Collected data:
━━━━

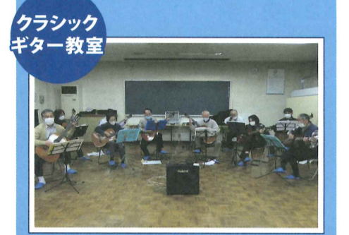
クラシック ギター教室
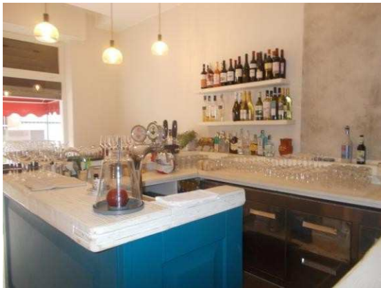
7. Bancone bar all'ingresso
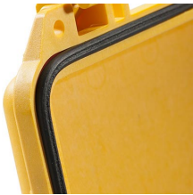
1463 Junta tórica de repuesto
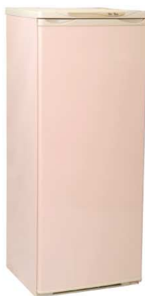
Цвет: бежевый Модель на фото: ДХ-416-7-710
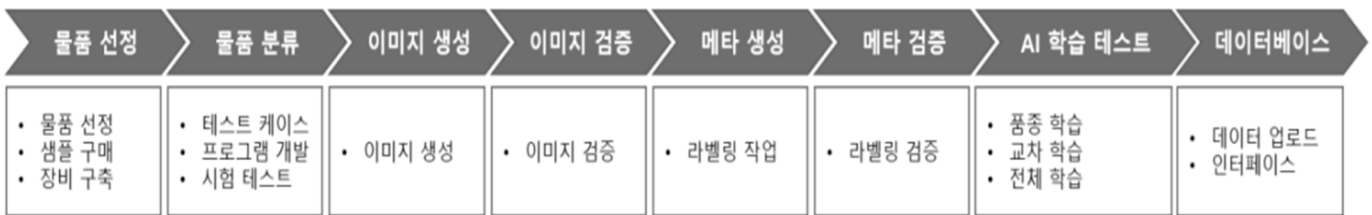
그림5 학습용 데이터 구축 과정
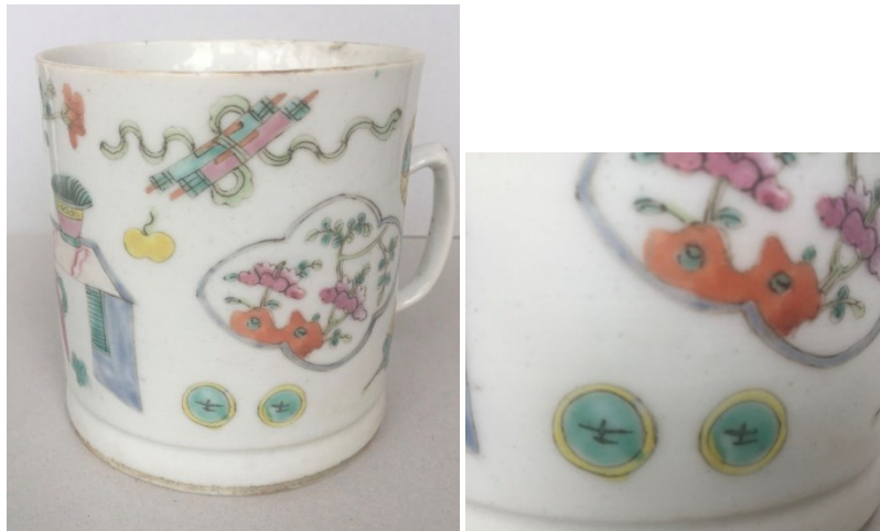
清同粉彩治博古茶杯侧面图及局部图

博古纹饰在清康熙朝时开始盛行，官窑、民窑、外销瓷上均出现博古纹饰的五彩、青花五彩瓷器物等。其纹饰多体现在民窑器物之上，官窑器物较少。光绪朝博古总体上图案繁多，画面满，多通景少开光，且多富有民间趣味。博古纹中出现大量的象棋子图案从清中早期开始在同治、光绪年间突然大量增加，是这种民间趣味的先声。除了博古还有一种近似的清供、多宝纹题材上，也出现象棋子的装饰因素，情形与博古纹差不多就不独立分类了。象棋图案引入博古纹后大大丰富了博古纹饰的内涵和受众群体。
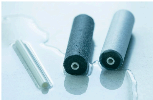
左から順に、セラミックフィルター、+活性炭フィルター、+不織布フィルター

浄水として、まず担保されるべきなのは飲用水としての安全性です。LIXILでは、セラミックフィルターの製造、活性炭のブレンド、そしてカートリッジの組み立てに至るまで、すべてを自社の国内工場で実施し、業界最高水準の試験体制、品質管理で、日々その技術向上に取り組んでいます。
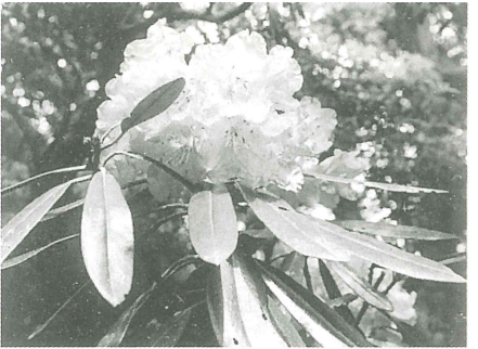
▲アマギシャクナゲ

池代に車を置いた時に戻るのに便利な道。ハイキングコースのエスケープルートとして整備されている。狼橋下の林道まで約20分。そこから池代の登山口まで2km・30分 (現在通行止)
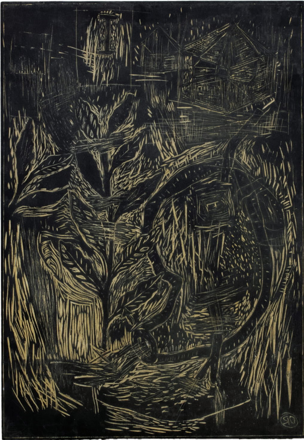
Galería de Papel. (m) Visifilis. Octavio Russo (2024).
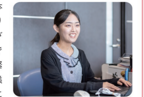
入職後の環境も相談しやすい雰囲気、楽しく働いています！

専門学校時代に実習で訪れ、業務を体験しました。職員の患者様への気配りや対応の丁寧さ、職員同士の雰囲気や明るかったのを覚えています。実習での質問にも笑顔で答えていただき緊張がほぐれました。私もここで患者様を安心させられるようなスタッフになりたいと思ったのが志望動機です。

━━━━

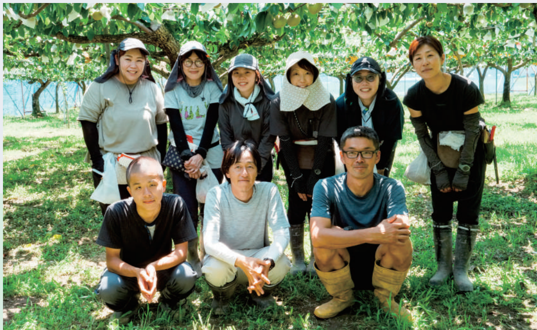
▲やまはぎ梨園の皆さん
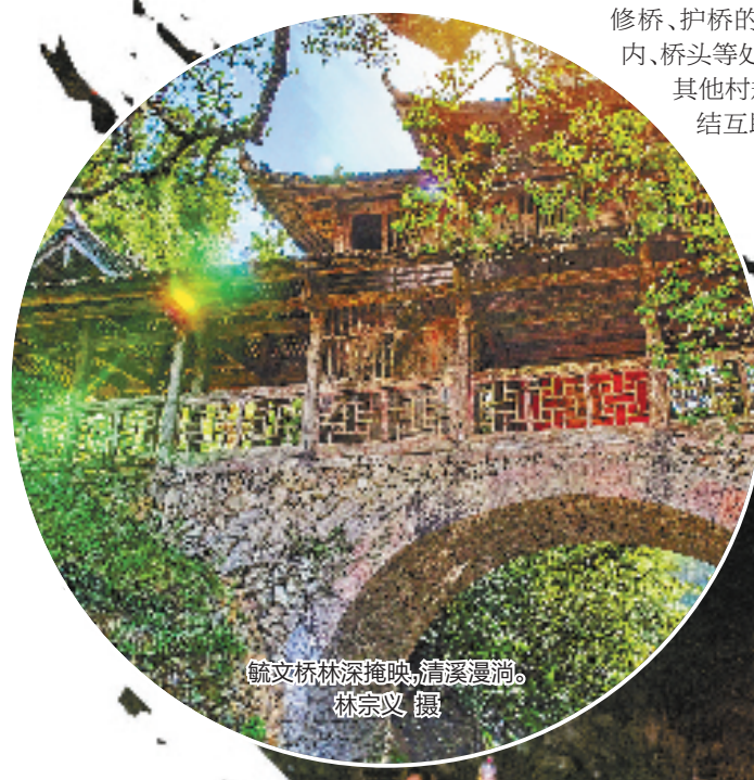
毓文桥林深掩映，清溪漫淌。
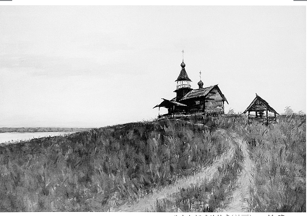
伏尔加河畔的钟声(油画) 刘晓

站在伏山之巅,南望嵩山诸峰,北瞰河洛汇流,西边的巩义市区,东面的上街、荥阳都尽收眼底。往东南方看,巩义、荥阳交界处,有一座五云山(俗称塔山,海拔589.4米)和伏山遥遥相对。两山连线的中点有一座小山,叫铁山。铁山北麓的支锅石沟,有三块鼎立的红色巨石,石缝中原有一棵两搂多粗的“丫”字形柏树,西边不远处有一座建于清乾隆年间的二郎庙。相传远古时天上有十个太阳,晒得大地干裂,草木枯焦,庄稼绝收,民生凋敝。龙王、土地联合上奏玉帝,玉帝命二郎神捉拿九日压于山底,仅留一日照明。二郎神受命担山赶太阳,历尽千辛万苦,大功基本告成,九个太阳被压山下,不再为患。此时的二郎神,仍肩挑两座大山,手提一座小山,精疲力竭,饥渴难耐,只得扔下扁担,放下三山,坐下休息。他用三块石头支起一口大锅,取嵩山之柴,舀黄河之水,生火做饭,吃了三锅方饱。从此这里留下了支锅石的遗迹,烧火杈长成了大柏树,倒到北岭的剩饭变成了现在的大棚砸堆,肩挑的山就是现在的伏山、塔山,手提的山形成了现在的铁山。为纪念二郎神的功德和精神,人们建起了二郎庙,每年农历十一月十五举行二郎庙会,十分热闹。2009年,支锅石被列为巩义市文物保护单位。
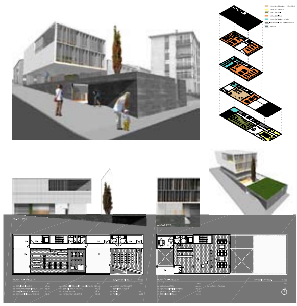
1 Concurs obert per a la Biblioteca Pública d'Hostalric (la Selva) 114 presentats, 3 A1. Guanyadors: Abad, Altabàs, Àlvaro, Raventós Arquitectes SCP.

━━━━

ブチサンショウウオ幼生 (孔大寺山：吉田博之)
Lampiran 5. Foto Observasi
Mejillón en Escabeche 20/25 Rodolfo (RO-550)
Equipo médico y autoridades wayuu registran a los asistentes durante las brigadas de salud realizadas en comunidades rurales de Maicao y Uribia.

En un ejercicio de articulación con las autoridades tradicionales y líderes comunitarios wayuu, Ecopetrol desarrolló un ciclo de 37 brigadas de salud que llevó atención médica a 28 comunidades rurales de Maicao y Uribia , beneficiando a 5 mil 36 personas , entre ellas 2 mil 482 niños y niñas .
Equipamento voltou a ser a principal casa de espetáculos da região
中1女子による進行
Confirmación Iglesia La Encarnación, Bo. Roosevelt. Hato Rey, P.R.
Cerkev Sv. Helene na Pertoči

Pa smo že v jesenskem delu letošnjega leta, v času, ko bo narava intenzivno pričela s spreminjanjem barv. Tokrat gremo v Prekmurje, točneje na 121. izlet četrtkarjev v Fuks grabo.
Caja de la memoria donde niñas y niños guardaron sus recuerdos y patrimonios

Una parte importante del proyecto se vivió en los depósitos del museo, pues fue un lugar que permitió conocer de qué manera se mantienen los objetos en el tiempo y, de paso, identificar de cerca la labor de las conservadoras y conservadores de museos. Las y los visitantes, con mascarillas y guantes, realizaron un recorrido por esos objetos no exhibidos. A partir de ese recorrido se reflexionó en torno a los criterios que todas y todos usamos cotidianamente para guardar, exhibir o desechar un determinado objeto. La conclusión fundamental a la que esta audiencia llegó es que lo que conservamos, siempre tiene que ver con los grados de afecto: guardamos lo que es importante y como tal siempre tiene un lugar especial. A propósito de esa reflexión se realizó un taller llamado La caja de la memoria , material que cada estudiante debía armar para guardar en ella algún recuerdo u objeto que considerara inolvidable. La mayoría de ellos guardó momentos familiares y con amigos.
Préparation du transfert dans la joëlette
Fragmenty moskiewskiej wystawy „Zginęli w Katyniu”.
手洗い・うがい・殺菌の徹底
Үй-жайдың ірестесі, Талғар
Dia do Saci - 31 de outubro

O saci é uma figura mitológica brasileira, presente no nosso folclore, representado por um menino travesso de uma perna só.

━━━━

PROMPT
In the records above, find every line that contains the word "rurales" and copy it.

TASK ANSWER
Equipo médico y autoridades wayuu registran a los asistentes durante las brigadas de salud realizadas en comunidades rurales de Maicao y Uribia.
En un ejercicio de articulación con las autoridades tradicionales y líderes comunitarios wayuu, Ecopetrol desarrolló un ciclo de 37 brigadas de salud que llevó atención médica a 28 comunidades rurales de Maicao y Uribia , beneficiando a 5 mil 36 personas , entre ellas 2 mil 482 niños y niñas .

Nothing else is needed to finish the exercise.